━━━ GIVEN INFORMATION

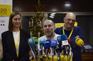 El alcalde de la ciudad y presidente de DO, Gonzalo Pérez Jácome, ofrece una rueda de prensa durante el seguimiento de la jornada electoral de los comicios autonómicos de Galicia, en el Hotel Princess, a 18 de febrero de 2024, en Ourense, Galicia (España) - Rosa Veiga - Europa Press
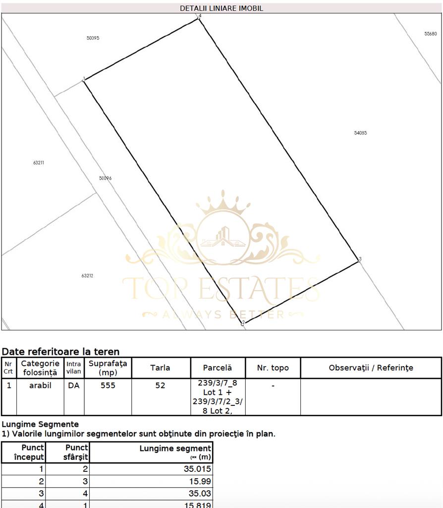 Va propunem spre vanzare un teren intravilan construibil de vanzare in satul Ordoreanu, avand o suprafata de 555 mp si deschiderea de 35 ml la drumul de acces. Terenul face parte din un lot mai mare ce a fost dezmembrat in trecut si de au fost rezultat mai multe loturi egale, de cca 556 mp, cu un drum de acces ce are latimea de 4 ml, fiecare din loturi avand o deschidere la acest drum de acces de 35 ml. Accesul se face direct din DC 125, soseaua principala. Caracteristici teren POT 30 % , CUT 0,9 , Regim de inaltime P+1. Utilitatile din zona sunt Curent electric, apa, gaze, iar acum proprietarii doneaza catre primarie drumul de acces, ulterior primaria va asfalta si va dota drumul cu canalizare.
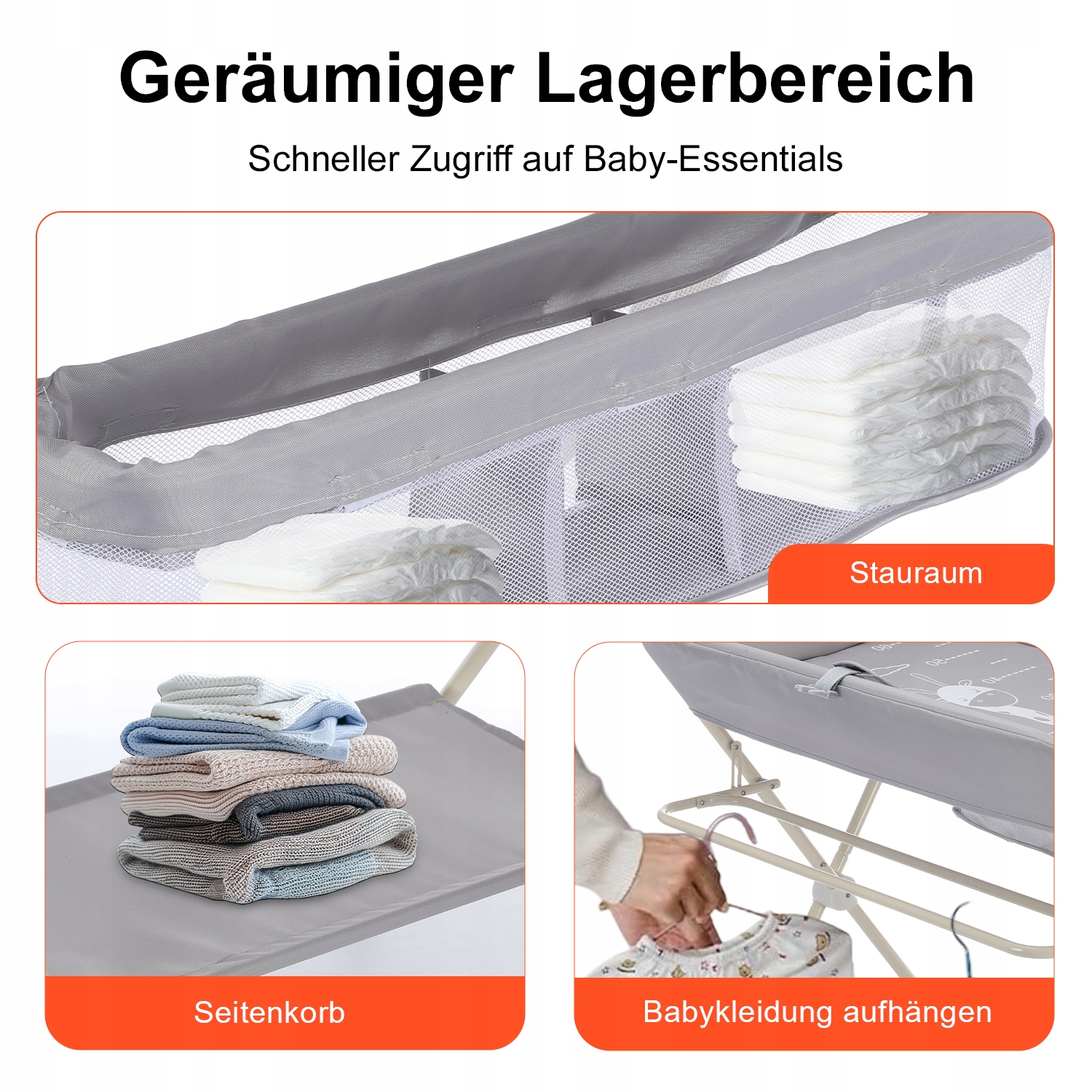 [просторное и организованное хранение] Оставайтесь организованными благодаря большому пространству для хранения подгузников, салфетков, кремов, детской одежды и многого другого. У него есть полки и сетчатая сумка для всех необходимых вещей для ребенка, благодаря тому, что все в пределах досягаемости. Боковая перекладина может разместить подгузники или одежду и т. Д.
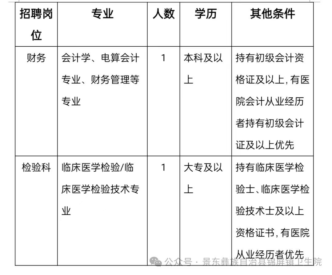 由景東彝族自治縣錦屏鎮(zhèn)衛(wèi)生院微信公眾號公開發(fā)布招聘公告,單位自行招聘。
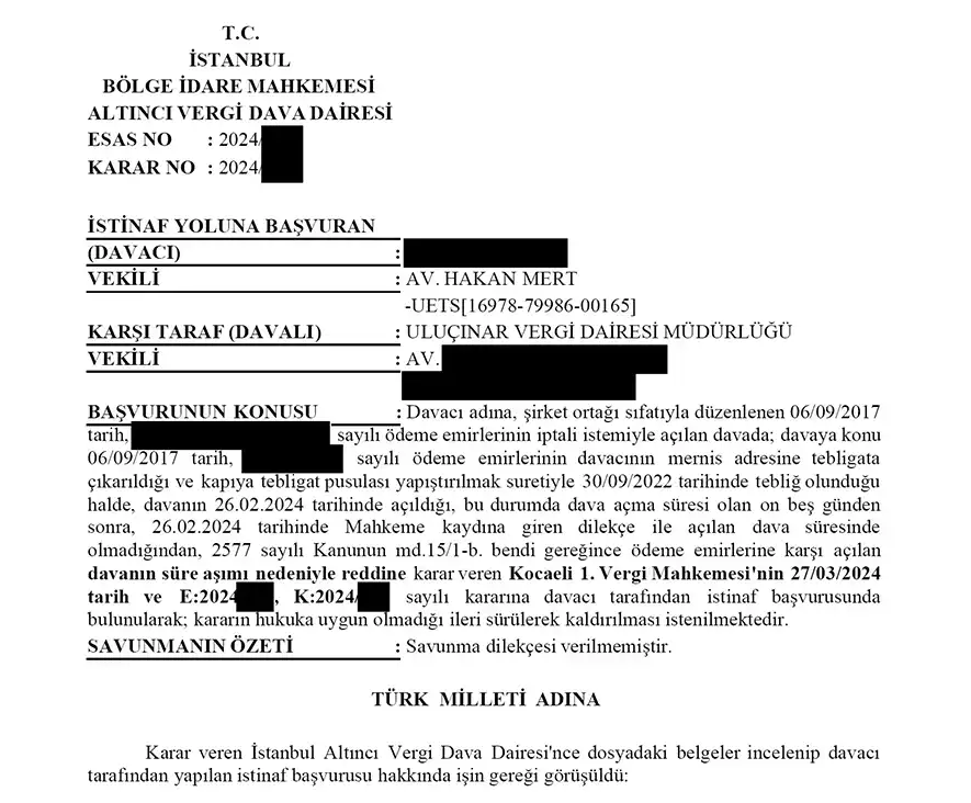 Bölge İdare Mahkemesi, kapıya yapıştırma usulüyle tebliğ işleminde usulün özüne aykırı eksiklikler bulunduğu gerekçesiyle ödeme emirlerinin tebliğinin geçersiz olduğuna hükmetmiş ve davanın süresinde açıldığını kabul etmiştir.
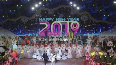 السماء في هونغ كونغ تضيء بالألعاب النارية أثناء احتفالات الصين بالعام الجديد.
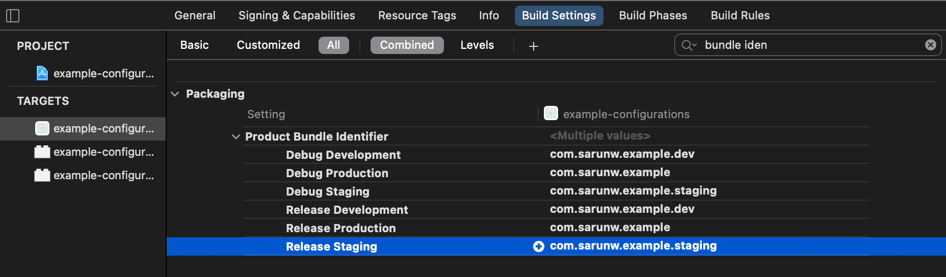 At this point, we have a separate Xcode configuration for each environment. There are many things you can do with it. In this article, I will show you some editing that I usually do.
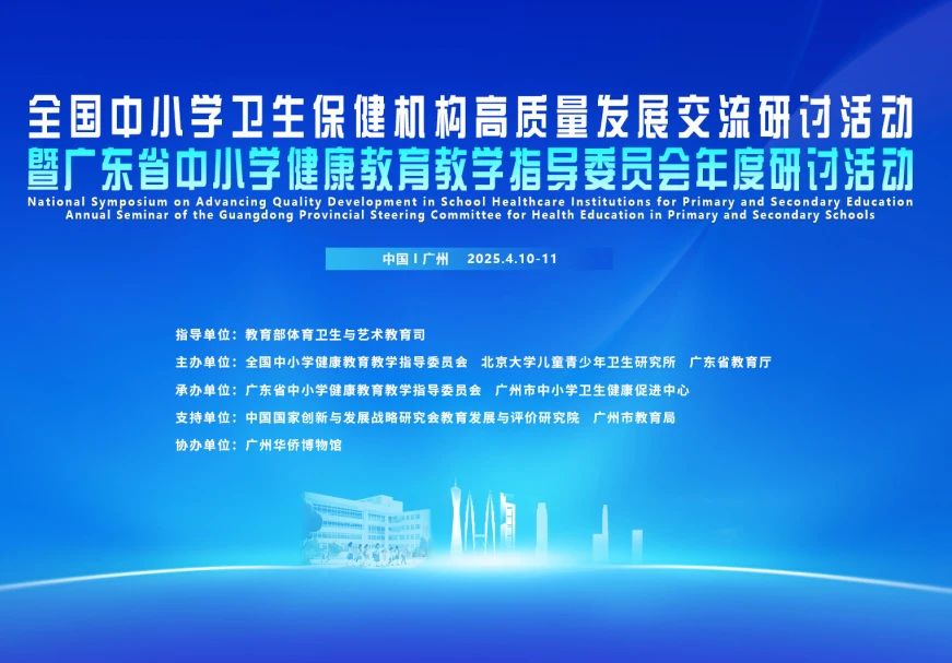 2025年4月10至11日,“全國(guó)中小學(xué)衛(wèi)生保健機(jī)構(gòu)高質(zhì)量發(fā)展交流研討活動(dòng)暨廣東省中小學(xué)健康教育教學(xué)指導(dǎo)委員會(huì)年度研討活動(dòng)”在廣州成功舉辦。活動(dòng)由教育部體育衛(wèi)生與藝術(shù)教育司指導(dǎo),全國(guó)中小學(xué)健康教育教學(xué)

━━━━━━

> _EXERCISE REQUIREMENTS_
Restate the listing above word for word. Leave the images out.

> _SOLUTION TO THIS EXERCISE_
 El alcalde de la ciudad y presidente de DO, Gonzalo Pérez Jácome, ofrece una rueda de prensa durante el seguimiento de la jornada electoral de los comicios autonómicos de Galicia, en el Hotel Princess, a 18 de febrero de 2024, en Ourense, Galicia (España) - Rosa Veiga - Europa Press
 Va propunem spre vanzare un teren intravilan construibil de vanzare in satul Ordoreanu, avand o suprafata de 555 mp si deschiderea de 35 ml la drumul de acces. Terenul face parte din un lot mai mare ce a fost dezmembrat in trecut si de au fost rezultat mai multe loturi egale, de cca 556 mp, cu un drum de acces ce are latimea de 4 ml, fiecare din loturi avand o deschidere la acest drum de acces de 35 ml. Accesul se face direct din DC 125, soseaua principala. Caracteristici teren POT 30 % , CUT 0,9 , Regim de inaltime P+1. Utilitatile din zona sunt Curent electric, apa, gaze, iar acum proprietarii doneaza catre primarie drumul de acces, ulterior primaria va asfalta si va dota drumul cu canalizare.
 [просторное и организованное хранение] Оставайтесь организованными благодаря большому пространству для хранения подгузников, салфетков, кремов, детской одежды и многого другого. У него есть полки и сетчатая сумка для всех необходимых вещей для ребенка, благодаря тому, что все в пределах досягаемости. Боковая перекладина может разместить подгузники или одежду и т. Д.
 由景東彝族自治縣錦屏鎮(zhèn)衛(wèi)生院微信公眾號公開發(fā)布招聘公告,單位自行招聘。
 Bölge İdare Mahkemesi, kapıya yapıştırma usulüyle tebliğ işleminde usulün özüne aykırı eksiklikler bulunduğu gerekçesiyle ödeme emirlerinin tebliğinin geçersiz olduğuna hükmetmiş ve davanın süresinde açıldığını kabul etmiştir.
 السماء في هونغ كونغ تضيء بالألعاب النارية أثناء احتفالات الصين بالعام الجديد.
 At this point, we have a separate Xcode configuration for each environment. There are many things you can do with it. In this article, I will show you some editing that I usually do.
 2025年4月10至11日,“全國(guó)中小學(xué)衛(wèi)生保健機(jī)構(gòu)高質(zhì)量發(fā)展交流研討活動(dòng)暨廣東省中小學(xué)健康教育教學(xué)指導(dǎo)委員會(huì)年度研討活動(dòng)”在廣州成功舉辦。活動(dòng)由教育部體育衛(wèi)生與藝術(shù)教育司指導(dǎo),全國(guó)中小學(xué)健康教育教學(xué)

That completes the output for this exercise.